Out with the Old, In with the New (But Not Yet)
Gordon Bernhardt
Principal, Strategic Advisor, Author, and Philanthropist | My firm helps successful entrepreneurs, executives, retirees & their families make informed financial decisions as fiduciaries. | Let’s talk!
With all the discussion surrounding the passage of the new tax law at the end of 2017, it may seem to many taxpayers that everything has changed. While it’s true that the new law does make a number of significant changes that will greatly affect the ways many of us are accustomed to preparing our tax return information--including big changes in mortgage interest deductibility, deducting state and local taxes, most itemized personal deductions, and other changes--it’s important to remember that the return we are about to file is still governed by the “old rules.” The tax return due by April 17, 2018--or later, for those who file extensions--should still incorporate the same deductions, exemptions, and other information that we have used in the past.
With that in mind, here are a few basic tips to keep in mind as you prepare to file your 2017 income tax return. Many of these will probably sound familiar, but as all great athletes know, nothing is more important than practicing good fundamentals.

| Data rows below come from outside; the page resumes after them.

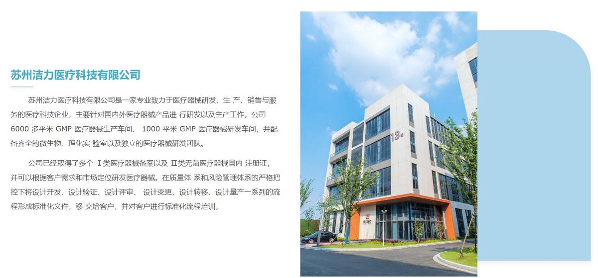 蘇州潔力醫(yī)療科技有限公司是一家專(zhuān)業(yè)致力于醫(yī)療器械研發(fā)、生 產(chǎn)、銷(xiāo)售與服務(wù)的醫(yī)療科技企業(yè),主要針對(duì)國(guó)內(nèi)外醫(yī)療器械產(chǎn)品進(jìn) 行研發(fā)以及生產(chǎn)工作。公司 6000 多平米 GMP 醫(yī)療器械生產(chǎn)車(chē)間、 1000 平米 GMP 醫(yī)療器械研發(fā)車(chē)間,并配備齊全的微生物、理化實(shí) 驗(yàn)室以及獨(dú)立的醫(yī)療器械研發(fā)團(tuán)隊(duì)。
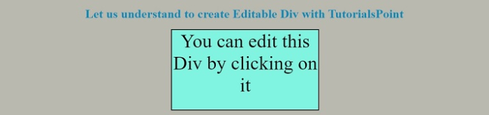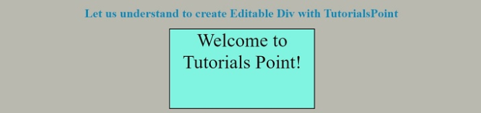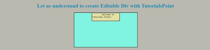 <h1 style="color: rgb(12, 139, 185); text-align: center;"> Let us understand to create Editable Div with TutorialsPoint </h1> <div style="text-align: center; margin-left: 35%;" class="container"> <div id="myFirstDiv"></div> </div>
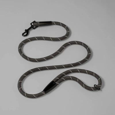 The Reflective Rope Dog Leash from Boots & Barkley™ is equally perfect for taking your four-legged friend for daily neighborhood strolls and strenuous hikes alike. Sporting a classic and durable braided rope design with chic details, this gray dog leash is woven with reflective thread that allows your pooch to stay visible even in low-light environments. It has a five-foot length to provide plenty of room for movement while maintaining control. This functional pet accessory features a loop handle for a comfortable grip, a tiny ring for attaching your keys and pet bag dispenser, along with a clip-in clasp that securely fastens to the dog collar or harness to make time spent outdoors with your furry friend even more enjoyable and fun.
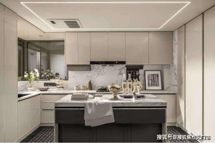 超大尺度的中西岛台 ,既符合中式烹饪的实用逻辑(预留足够操作台面),又能承载西式社交(朋友小聚时在岛台品酒聊天),让厨房从“单一做饭空间”变成“生活场景发生器”。
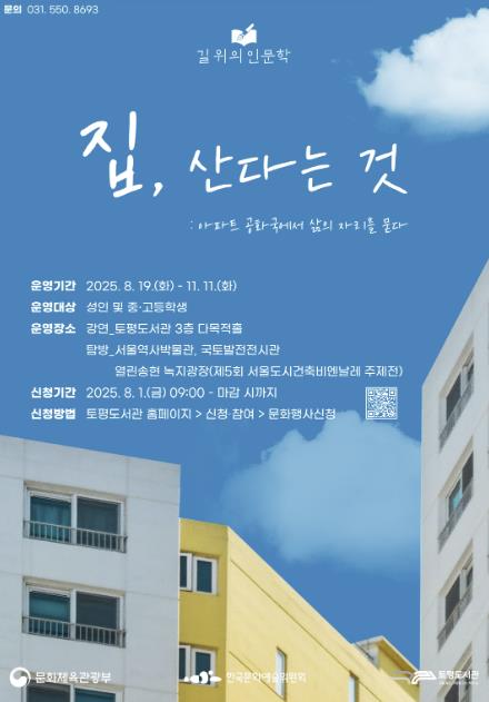 [뉴스스텝] 구리시 토평도서관이 문화체육관광부가 주최하고 한국문화예술위원회가 주관하는 ‘2025년 길 위의 인문학’ 공모 사업에 선정되어, 오는 8월부터 ‘집, 산다는 것 – 아파트 공화국에서 삶의 자리를 묻다’ 프로그램을 운영한다.
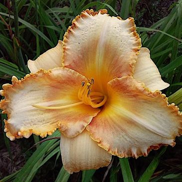 28" Tet 4" SEV Mid-late, SEv, FR, RE, Caramel yellow-orange petals with orange to yellow double edge culminating with piecrust ruffles and some tentacles and teeth, above raspberry eye and glowing orange throat. (Korean Queen × Mystic Butterfly)

- Start early. While it is certainly true that nobody looks forward to thinking about taxes (with the possible exception of your CPA), it’s also generally true that the earlier you start gathering your documentation, the more complete the information you’ll be able to provide to your preparer and the sooner you’ll have the whole experience behind you. Not only that, but the earlier in the tax season you can hand everything over to your preparer, the greater the likelihood that your return will get the best possible attention to detail. Don’t get caught in the end-of-season rush, when your tax preparer is burning the midnight oil, trying to finish the raft of returns that came in at the last minute!
- Review last year’s return. As you begin gathering your records, spend some time studying the return you filed for your 2016 taxes. While no one expects you to become a tax expert, having at least a general working knowledge of where various types of information fit on your return will give you a big advantage when it comes to supporting and assessing the efforts of your preparer. For example, if you have self-employment income, it’s helpful to understand how your Schedule C or Schedule E impacts your adjusted gross income (AGI). Also, a good basic understanding of the various moving parts of your current return will come in handy next year, allowing you to gain a quicker grasp of the things that are changed by the new tax law.
- Organize your documentation--yourself. Having your personal information (Form 1099s, Form W2s, all Social Security numbers for anyone listed on your return, etc.) organized and in your preparer’s hands is just the first step. You should also categorize and organize any expense receipts used to document business or personal deductions and charitable contributions. If possible, you should enter these in a spreadsheet that your preparer can use to quickly plug the numbers into your return. At the very least, you should list the various categories of expenses making up your deductions and provide the totals. It may require a bit of your time to go through your receipts and come up with the numbers, but if you can reduce the number of hours your preparer must spend simply calculating and entering data, you will also be reducing the fee you’ll pay for preparation of your return. You should also have on hand pertinent account statements, mortgage interest statements, and statements of gains and losses on securities transactions, if you have investment accounts (these are reported on Form 1099-B, due to you from your investment firm by February 15). (Note: Your CPA may be like mine and have a tax organizer for you to complete to simplify pulling your information together.)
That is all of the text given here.